#### [What is being asked]
Among the records below, find each line that includes the string "erhalten" and copy it.

#### [Available data]

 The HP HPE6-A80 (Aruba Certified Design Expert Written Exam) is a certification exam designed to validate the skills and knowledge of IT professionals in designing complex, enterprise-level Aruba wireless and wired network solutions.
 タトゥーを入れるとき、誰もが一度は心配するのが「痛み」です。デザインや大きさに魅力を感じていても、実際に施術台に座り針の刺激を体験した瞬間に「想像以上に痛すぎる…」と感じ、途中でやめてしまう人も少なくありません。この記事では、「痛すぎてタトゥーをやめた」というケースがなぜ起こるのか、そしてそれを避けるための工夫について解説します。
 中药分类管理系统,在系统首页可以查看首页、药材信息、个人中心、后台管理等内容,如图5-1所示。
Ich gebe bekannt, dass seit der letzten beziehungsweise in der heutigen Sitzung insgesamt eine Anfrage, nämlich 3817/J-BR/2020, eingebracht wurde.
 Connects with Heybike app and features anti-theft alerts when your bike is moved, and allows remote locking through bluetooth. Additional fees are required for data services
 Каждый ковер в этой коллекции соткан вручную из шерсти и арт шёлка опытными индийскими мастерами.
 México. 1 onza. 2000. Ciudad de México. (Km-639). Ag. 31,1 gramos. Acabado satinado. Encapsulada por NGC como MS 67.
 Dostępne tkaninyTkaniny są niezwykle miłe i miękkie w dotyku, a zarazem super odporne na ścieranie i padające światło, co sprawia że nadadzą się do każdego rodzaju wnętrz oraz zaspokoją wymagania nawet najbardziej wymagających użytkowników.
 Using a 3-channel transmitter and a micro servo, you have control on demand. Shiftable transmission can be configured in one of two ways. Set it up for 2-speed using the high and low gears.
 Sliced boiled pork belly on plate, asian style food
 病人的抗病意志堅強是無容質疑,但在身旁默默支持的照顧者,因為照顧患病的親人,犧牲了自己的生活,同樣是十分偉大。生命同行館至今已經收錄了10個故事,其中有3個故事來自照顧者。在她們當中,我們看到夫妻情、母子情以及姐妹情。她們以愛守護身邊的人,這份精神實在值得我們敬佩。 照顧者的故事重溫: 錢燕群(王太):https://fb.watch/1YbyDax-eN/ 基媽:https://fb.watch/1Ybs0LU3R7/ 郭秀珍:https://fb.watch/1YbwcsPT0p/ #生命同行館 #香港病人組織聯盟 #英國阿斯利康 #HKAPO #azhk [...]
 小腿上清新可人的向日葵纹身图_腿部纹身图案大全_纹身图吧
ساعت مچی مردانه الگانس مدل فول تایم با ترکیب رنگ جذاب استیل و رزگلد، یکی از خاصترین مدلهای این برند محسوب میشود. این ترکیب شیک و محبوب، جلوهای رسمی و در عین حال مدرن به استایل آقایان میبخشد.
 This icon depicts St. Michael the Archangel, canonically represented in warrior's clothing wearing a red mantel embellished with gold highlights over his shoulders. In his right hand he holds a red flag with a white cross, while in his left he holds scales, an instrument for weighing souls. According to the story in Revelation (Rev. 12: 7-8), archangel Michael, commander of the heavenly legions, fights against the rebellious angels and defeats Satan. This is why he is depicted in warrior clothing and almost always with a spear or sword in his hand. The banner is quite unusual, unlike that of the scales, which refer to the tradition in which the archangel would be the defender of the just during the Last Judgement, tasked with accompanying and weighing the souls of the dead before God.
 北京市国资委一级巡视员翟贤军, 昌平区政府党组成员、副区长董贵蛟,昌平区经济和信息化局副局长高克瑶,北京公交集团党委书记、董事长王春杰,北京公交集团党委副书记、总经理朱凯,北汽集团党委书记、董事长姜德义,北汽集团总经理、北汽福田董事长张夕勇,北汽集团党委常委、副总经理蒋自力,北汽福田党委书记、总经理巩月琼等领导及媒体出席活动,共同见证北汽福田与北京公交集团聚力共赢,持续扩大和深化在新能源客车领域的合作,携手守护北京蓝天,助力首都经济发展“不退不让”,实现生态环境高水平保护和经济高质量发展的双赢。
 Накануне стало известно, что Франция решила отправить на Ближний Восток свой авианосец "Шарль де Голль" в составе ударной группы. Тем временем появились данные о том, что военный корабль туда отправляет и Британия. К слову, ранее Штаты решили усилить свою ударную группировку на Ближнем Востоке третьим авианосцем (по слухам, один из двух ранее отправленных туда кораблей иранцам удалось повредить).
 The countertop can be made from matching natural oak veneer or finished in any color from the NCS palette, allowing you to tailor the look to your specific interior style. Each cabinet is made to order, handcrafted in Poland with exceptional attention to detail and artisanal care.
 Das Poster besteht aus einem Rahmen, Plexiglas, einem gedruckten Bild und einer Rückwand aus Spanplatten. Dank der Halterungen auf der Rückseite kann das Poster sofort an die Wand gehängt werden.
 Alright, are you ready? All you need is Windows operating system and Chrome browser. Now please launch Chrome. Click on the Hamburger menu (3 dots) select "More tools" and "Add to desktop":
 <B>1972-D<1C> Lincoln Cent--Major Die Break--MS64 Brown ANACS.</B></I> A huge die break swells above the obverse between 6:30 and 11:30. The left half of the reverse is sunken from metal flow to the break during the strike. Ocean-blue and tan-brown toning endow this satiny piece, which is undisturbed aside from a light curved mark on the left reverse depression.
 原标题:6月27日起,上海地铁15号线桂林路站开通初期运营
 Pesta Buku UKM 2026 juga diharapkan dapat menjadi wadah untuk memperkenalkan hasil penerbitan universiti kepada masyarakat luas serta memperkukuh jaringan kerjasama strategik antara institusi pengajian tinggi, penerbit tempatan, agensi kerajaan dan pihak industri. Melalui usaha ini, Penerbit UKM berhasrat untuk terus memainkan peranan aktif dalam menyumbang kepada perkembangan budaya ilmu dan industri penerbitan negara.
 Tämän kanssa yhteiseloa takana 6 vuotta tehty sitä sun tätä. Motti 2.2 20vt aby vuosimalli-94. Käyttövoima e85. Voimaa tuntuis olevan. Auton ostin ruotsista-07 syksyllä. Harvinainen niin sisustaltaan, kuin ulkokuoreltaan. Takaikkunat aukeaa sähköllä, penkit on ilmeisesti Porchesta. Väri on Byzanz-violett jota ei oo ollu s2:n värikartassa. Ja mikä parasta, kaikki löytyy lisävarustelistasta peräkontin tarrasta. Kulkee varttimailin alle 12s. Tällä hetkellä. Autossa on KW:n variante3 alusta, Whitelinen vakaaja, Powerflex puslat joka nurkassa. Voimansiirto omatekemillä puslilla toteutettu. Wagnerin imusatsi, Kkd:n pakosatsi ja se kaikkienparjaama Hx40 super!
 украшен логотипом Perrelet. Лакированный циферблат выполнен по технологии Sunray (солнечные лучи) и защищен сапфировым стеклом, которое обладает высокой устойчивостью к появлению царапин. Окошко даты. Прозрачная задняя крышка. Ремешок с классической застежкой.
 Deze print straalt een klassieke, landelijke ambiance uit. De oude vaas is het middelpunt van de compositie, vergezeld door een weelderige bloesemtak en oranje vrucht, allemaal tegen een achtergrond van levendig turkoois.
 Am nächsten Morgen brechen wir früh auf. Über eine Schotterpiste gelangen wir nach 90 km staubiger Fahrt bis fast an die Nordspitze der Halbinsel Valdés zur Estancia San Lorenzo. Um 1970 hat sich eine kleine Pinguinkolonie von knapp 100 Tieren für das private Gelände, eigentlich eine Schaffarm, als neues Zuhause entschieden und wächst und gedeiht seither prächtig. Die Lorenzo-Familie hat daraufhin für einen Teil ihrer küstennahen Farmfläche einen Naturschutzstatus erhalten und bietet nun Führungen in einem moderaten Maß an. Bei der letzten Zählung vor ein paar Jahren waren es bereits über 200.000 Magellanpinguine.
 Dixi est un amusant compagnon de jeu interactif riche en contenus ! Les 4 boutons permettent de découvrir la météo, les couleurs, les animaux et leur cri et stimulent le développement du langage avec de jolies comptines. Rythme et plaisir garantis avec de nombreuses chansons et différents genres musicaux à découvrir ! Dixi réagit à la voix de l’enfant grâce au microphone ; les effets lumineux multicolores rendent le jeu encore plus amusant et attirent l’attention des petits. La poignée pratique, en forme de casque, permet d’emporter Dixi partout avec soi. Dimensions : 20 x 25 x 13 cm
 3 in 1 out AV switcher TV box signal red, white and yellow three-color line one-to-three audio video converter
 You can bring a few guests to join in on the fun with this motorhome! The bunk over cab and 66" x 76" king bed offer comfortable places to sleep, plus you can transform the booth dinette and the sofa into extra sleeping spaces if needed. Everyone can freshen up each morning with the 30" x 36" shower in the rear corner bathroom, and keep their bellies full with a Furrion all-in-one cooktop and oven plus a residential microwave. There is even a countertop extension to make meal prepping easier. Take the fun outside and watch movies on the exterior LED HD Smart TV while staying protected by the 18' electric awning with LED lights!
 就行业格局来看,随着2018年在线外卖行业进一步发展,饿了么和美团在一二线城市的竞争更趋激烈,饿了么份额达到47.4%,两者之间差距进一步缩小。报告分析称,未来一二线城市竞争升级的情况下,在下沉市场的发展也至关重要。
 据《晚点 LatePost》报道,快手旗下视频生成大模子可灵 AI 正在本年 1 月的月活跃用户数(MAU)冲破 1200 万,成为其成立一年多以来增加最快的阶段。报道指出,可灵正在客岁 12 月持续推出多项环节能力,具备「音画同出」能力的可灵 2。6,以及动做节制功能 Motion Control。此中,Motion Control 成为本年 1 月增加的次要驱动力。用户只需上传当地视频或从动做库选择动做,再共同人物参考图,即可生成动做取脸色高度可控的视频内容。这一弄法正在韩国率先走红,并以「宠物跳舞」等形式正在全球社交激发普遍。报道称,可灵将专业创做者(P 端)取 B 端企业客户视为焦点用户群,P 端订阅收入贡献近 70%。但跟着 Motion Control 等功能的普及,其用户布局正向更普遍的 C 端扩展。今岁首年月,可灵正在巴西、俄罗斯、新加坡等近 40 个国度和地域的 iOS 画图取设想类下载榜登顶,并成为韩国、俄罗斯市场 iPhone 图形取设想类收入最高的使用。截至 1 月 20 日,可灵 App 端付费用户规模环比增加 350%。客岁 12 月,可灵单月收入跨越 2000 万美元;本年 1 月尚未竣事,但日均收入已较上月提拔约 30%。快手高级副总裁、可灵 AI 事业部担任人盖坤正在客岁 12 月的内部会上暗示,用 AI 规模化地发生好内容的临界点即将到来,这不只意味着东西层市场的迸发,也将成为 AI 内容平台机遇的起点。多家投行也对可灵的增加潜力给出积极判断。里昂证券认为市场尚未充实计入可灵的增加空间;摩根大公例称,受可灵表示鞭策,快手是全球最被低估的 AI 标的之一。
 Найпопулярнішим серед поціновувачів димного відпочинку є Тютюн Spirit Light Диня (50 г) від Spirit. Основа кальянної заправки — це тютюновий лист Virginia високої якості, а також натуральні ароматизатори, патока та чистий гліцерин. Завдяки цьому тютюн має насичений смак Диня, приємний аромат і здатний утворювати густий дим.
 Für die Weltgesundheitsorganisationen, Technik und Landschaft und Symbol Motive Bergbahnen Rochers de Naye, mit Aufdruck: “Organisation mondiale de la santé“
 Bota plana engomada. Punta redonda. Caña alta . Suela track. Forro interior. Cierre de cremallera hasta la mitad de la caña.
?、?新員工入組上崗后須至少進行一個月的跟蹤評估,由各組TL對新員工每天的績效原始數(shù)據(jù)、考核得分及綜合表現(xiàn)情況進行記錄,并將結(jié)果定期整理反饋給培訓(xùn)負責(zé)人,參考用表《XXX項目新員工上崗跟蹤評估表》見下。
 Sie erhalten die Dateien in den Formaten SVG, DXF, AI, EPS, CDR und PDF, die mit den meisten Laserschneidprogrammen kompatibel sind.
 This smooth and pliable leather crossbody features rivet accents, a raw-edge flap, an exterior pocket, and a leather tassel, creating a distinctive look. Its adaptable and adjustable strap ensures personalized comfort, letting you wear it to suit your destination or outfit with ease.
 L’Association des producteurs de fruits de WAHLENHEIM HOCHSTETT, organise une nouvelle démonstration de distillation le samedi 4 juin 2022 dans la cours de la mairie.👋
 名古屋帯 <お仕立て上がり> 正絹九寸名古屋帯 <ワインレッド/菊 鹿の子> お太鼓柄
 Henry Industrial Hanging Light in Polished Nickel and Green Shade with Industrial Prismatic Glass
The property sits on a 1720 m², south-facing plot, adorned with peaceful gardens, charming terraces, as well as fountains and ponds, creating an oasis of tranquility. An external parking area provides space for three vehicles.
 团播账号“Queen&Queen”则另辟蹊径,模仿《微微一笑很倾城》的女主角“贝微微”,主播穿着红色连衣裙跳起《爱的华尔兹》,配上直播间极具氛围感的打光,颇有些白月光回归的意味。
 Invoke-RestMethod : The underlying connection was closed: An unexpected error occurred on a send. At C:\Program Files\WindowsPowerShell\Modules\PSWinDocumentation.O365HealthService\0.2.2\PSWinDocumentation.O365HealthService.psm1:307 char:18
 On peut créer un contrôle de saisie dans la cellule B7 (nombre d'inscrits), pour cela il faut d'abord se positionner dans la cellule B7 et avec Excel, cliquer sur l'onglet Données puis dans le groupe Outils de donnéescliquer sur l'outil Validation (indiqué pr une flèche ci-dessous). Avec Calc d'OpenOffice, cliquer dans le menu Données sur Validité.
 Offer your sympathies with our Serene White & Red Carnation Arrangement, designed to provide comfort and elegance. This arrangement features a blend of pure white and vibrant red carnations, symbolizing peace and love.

#### [Output for this exercise]
 Am nächsten Morgen brechen wir früh auf. Über eine Schotterpiste gelangen wir nach 90 km staubiger Fahrt bis fast an die Nordspitze der Halbinsel Valdés zur Estancia San Lorenzo. Um 1970 hat sich eine kleine Pinguinkolonie von knapp 100 Tieren für das private Gelände, eigentlich eine Schaffarm, als neues Zuhause entschieden und wächst und gedeiht seither prächtig. Die Lorenzo-Familie hat daraufhin für einen Teil ihrer küstennahen Farmfläche einen Naturschutzstatus erhalten und bietet nun Führungen in einem moderaten Maß an. Bei der letzten Zählung vor ein paar Jahren waren es bereits über 200.000 Magellanpinguine.
 Sie erhalten die Dateien in den Formaten SVG, DXF, AI, EPS, CDR und PDF, die mit den meisten Laserschneidprogrammen kompatibel sind.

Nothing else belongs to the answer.